When a trustee gets legal advice, can the trustee shield from the trust beneficiaries the communications between the trustee and the lawyers? That’s a tough question. There are three options: yes, no, and it depends. Different jurisdictions have taken different approaches, but add Arizona to the list of jurisdictions that has decided “it depends.”
In In the Matter of The Kipnis Section 3.4 Trust, an Arizona appellate court adopted the “fiduciary exception” to the attorney-client privilege. In reaching this decision, the appellate court rejected the theory that the trust beneficiaries are the “real clients” of the lawyers, but instead found that the trustee’s duty to furnish information about the trust to its beneficiaries includes furnishing the trustee’s attorney-client communications.

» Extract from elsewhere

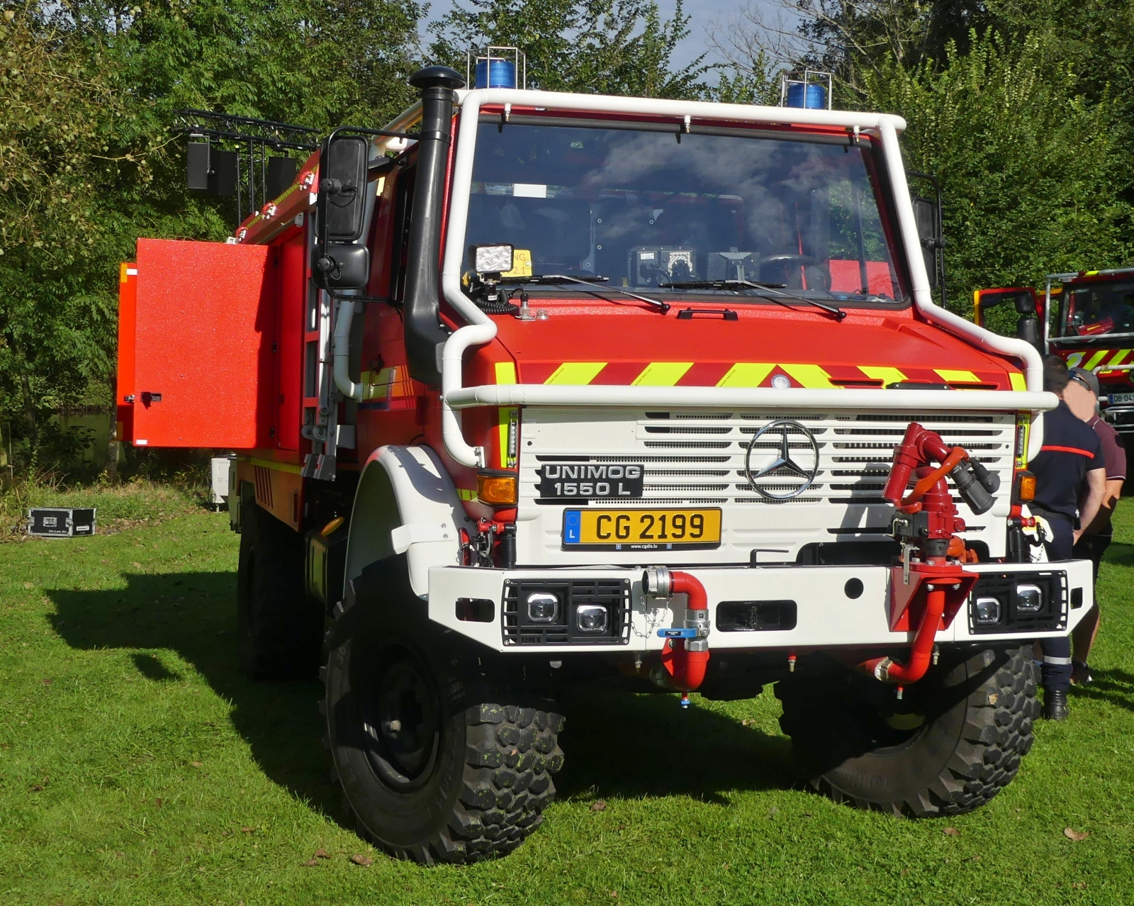 Mercedes Benz Unimog 1550 L, Gerätewagen der Wehr aus Kehlen, aufgenommen am Tag der Rettungsdienste in Echternach. 22.09.2024 De Rond Hans und Jeanny

To this point, Arizona had neither accepted nor rejected the applicability of the fiduciary exception in the trust context. With its adoption, this means that in Arizona, if a trustee seeks legal advice in its fiduciary capacity on matters of trust administration, the trustee is required to disclose those communications to the beneficiaries and, if there is one, the successor trustee. However, the attorney-client privilege still extends to legal advice sought by the trustee on matters not of trust administration, such as the seeking of legal advice related to the trustee’s own defense to potential liability.
This “fiduciary exception” is a topic very much in flux. Few jurisdictions have actually formally adopted it. Some have dealt with it by implication. And others have outright rejected it. When a court considers whether it applies, a part of the inquiry is often whether the trustee used trust funds to pay the lawyers. If trust resources were used to pay the lawyers, the needle may start to move in the direction of the exception. However, there may be a lot of reasons why using trust funds to pay lawyers shouldn’t move that needle. For example, the trust instrument may allow broad use of trust resources to hire lawyers or statutory or common law may permit a trustee to charge its defense to the trust and reimburse the trust at the conclusion of the litigation if the trustee is not vindicated. So, it’s a gray area. Indeed, the Arizona appellate court specifically recognized that “[t]he question whether the trustee acted in a fiduciary capacity cannot be resolved simply by asking who paid for the advice” though it may be relevant. In fact, to order a trustee to disclose all attorney-client communications based solely on the fact that the trustee paid for them with trust funds is reversible error because a trust does not have an absolute right to information that it paid for.
The take away here for trustees is to be aware of the potential risk. If things start to turn sour with a beneficiary, the trustee should stop and consider the possible risk that some court may order communications between the trustee and its lawyers disclosed and consider taking steps to minimize that risk.